- Exercise prompt
An exact copy is needed of the lines in the entries below from the line with "- 【ふるさと納税】\高評価★4.38獲得!/<鹿児島県産うに使用>尾塚水産人気商品!濃厚うにの瓶詰め(3本)国産 鹿児島県産" up to and including the line with "開放日活動的第二站,同學(x", and of nothing else. Leave the pictures out.

Task data START

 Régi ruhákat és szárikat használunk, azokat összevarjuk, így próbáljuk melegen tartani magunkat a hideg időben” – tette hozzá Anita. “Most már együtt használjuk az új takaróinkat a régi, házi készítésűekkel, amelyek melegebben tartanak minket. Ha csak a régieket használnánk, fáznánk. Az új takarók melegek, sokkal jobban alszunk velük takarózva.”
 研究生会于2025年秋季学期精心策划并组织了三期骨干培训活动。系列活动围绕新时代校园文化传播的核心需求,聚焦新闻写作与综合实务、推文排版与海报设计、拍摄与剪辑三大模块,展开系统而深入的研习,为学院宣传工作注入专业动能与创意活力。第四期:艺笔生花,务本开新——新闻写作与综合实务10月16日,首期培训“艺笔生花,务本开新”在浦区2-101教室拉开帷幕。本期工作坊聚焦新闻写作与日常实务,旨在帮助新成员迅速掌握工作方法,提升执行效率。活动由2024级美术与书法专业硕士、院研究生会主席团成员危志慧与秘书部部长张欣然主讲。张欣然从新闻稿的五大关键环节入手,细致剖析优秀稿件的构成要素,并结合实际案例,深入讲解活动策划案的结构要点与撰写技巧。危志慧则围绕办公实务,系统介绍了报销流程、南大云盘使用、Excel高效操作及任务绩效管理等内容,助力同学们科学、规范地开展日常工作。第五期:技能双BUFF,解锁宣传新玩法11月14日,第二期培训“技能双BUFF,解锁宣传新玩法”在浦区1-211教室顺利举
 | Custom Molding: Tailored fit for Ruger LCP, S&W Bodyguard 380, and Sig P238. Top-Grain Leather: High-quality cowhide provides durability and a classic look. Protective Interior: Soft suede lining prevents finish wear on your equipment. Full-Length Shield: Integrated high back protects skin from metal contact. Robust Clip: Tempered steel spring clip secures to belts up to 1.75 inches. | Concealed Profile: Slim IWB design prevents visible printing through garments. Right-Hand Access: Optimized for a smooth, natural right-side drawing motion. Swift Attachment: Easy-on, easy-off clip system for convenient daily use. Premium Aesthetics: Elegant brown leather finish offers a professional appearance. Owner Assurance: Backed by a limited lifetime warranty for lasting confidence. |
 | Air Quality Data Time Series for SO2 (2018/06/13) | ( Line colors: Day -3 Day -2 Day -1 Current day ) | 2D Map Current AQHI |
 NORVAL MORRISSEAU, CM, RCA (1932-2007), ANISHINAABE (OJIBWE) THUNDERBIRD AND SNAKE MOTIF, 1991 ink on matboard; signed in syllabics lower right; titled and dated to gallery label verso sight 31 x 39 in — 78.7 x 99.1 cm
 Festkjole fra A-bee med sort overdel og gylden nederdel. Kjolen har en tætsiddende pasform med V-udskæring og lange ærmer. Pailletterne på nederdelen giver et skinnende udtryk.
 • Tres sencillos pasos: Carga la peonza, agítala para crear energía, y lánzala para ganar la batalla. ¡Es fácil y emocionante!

Task data END
Task data START

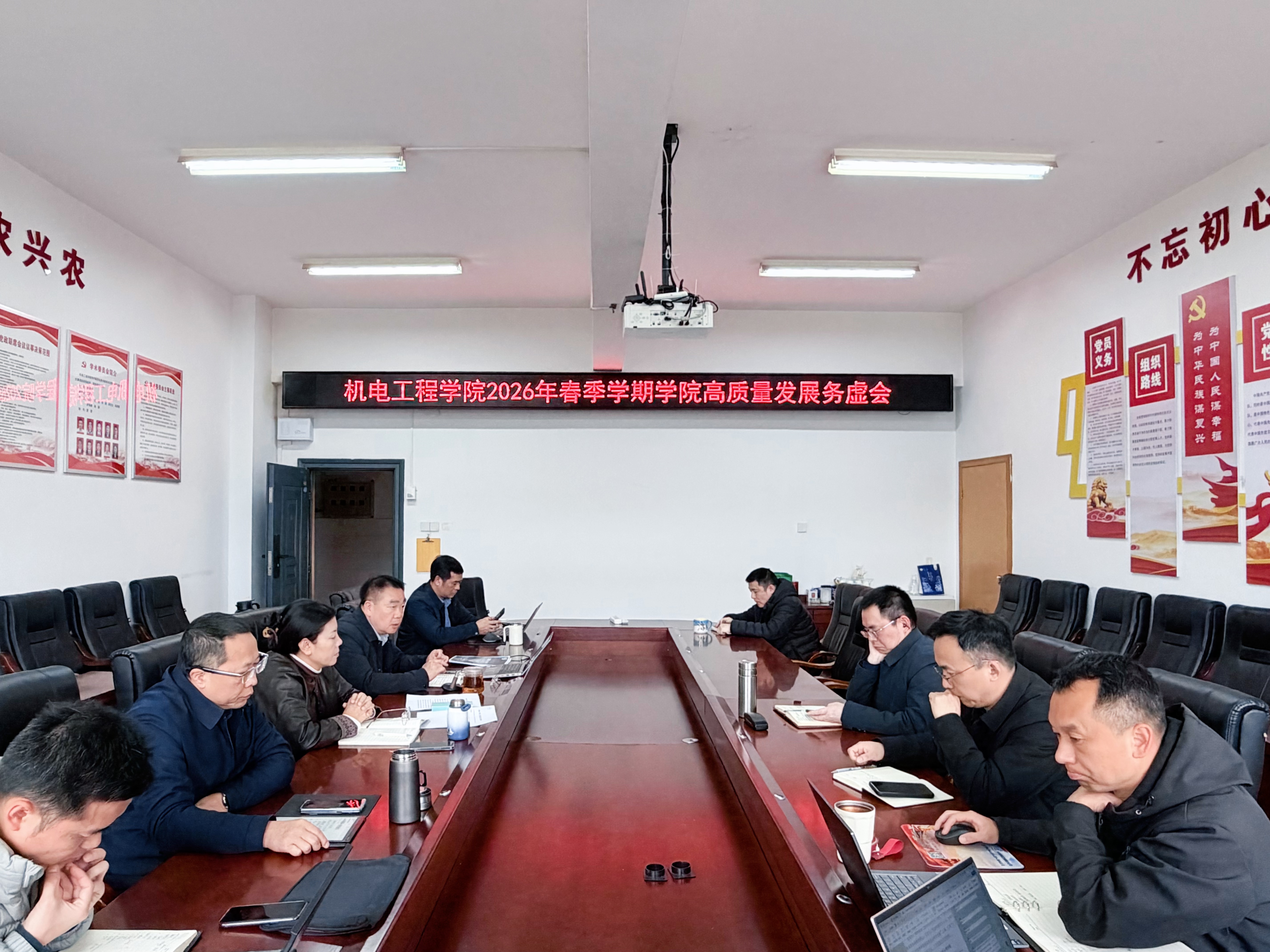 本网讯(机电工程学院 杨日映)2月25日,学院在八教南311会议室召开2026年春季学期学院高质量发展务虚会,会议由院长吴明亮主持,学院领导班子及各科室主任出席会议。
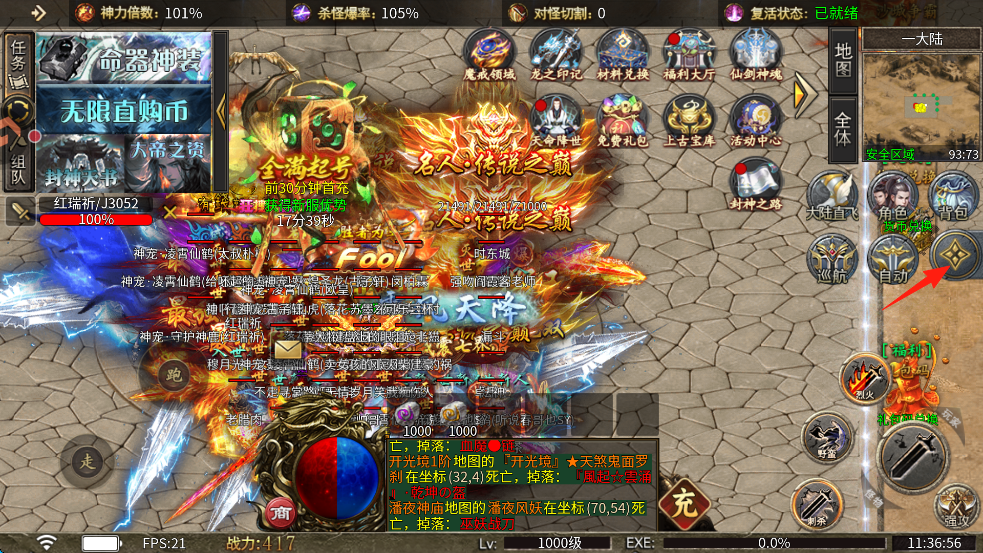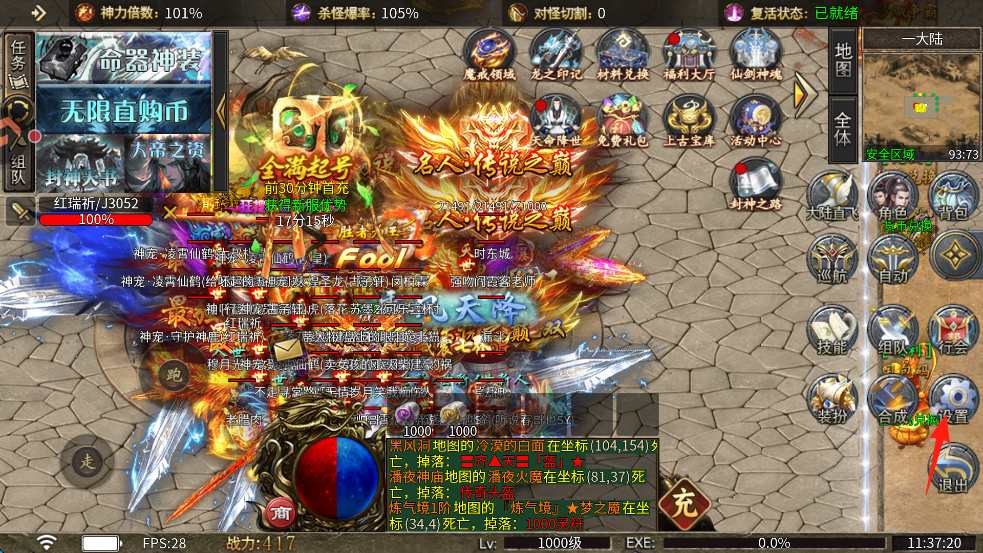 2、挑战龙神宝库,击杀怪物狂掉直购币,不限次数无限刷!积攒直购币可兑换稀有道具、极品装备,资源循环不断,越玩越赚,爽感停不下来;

Task data END
Task data START

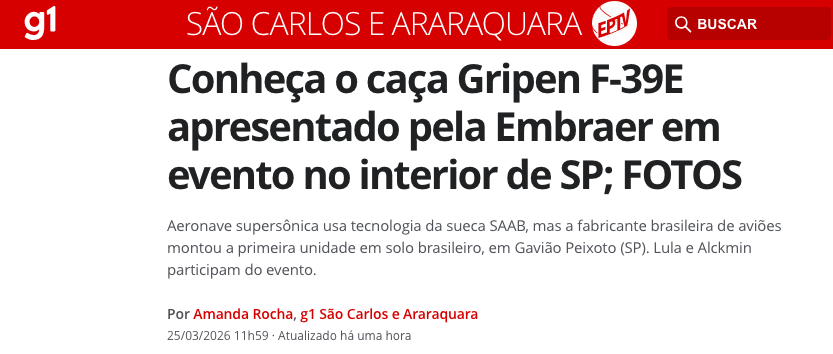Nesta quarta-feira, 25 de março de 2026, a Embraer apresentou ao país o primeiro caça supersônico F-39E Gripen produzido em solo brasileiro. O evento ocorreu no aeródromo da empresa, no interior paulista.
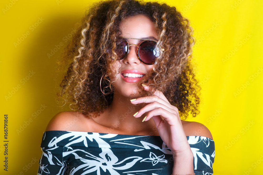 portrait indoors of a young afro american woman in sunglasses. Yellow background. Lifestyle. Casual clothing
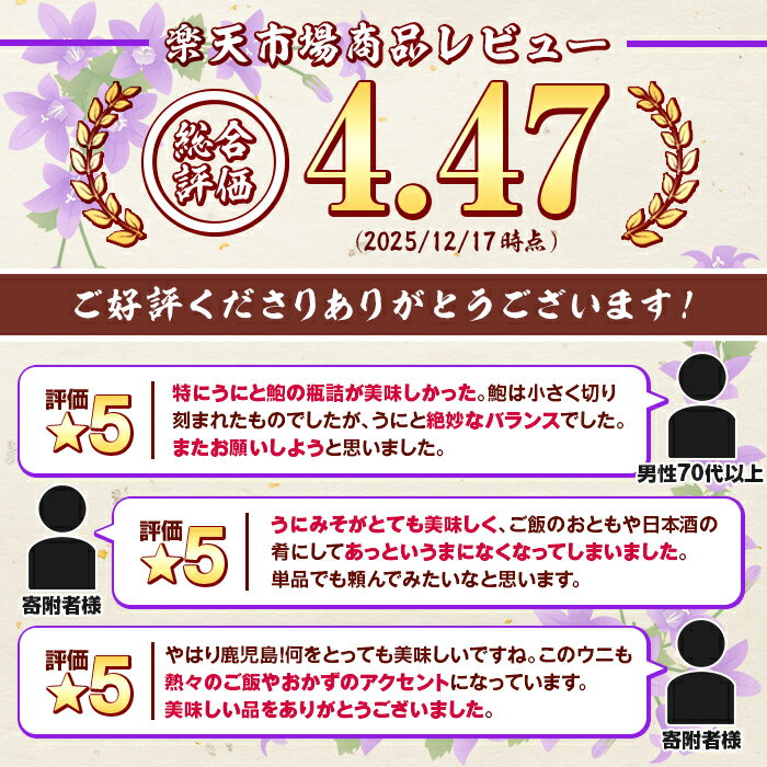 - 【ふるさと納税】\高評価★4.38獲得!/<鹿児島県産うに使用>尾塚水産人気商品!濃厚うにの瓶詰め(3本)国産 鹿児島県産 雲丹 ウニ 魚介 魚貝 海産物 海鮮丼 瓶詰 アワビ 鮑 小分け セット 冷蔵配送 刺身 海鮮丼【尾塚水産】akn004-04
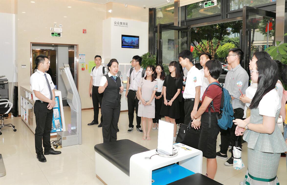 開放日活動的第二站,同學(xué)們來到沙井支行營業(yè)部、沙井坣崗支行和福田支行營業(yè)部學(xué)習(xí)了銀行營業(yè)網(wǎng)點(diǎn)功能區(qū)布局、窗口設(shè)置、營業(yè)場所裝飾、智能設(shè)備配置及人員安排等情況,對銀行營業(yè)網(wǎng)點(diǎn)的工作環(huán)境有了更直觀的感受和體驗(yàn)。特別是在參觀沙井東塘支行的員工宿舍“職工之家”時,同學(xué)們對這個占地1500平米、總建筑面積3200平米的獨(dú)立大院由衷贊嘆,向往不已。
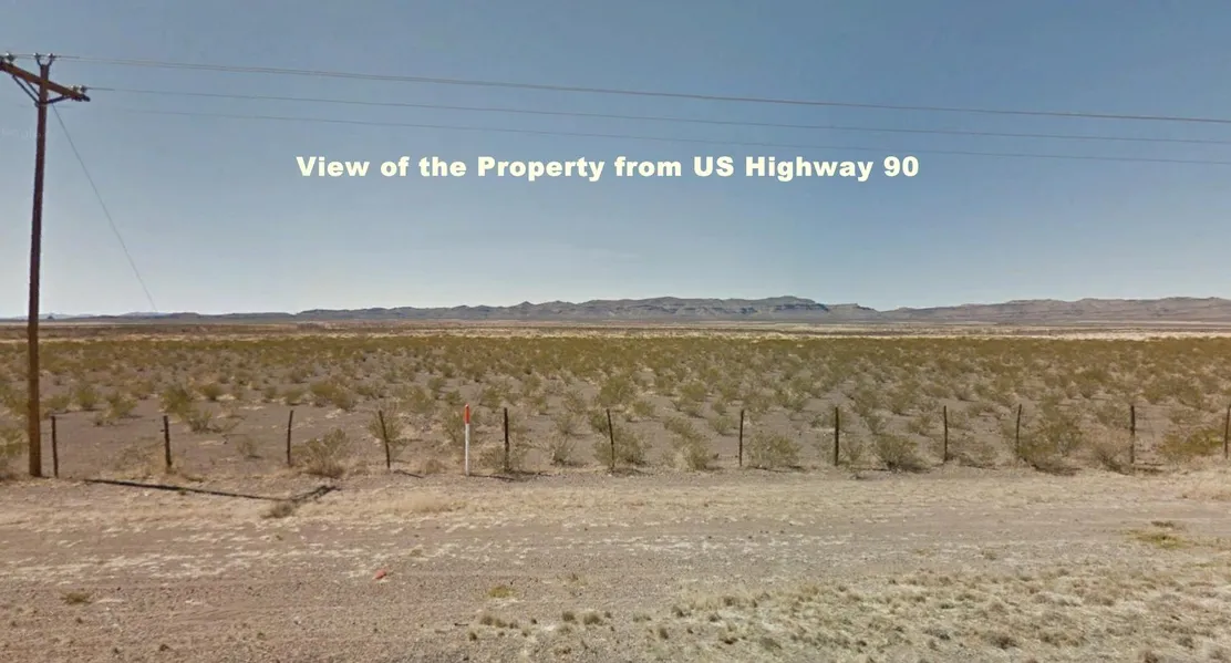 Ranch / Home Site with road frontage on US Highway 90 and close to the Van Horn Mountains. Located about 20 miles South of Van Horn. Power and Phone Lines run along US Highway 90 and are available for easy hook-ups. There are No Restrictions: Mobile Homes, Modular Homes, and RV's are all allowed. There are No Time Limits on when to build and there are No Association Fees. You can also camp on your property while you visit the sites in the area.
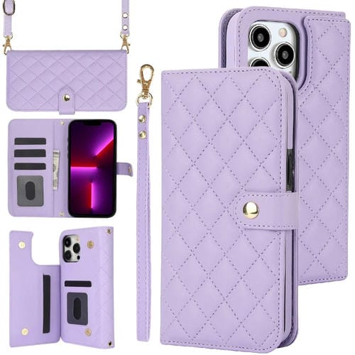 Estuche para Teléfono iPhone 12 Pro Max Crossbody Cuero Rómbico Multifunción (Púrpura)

Task data END

- Solution
 - 【ふるさと納税】\高評価★4.38獲得!/<鹿児島県産うに使用>尾塚水産人気商品!濃厚うにの瓶詰め(3本)国産 鹿児島県産 雲丹 ウニ 魚介 魚貝 海産物 海鮮丼 瓶詰 アワビ 鮑 小分け セット 冷蔵配送 刺身 海鮮丼【尾塚水産】akn004-04
 開放日活動的第二站,同學(xué)們來到沙井支行營業(yè)部、沙井坣崗支行和福田支行營業(yè)部學(xué)習(xí)了銀行營業(yè)網(wǎng)點(diǎn)功能區(qū)布局、窗口設(shè)置、營業(yè)場所裝飾、智能設(shè)備配置及人員安排等情況,對銀行營業(yè)網(wǎng)點(diǎn)的工作環(huán)境有了更直觀的感受和體驗(yàn)。特別是在參觀沙井東塘支行的員工宿舍“職工之家”時,同學(xué)們對這個占地1500平米、總建筑面積3200平米的獨(dú)立大院由衷贊嘆,向往不已。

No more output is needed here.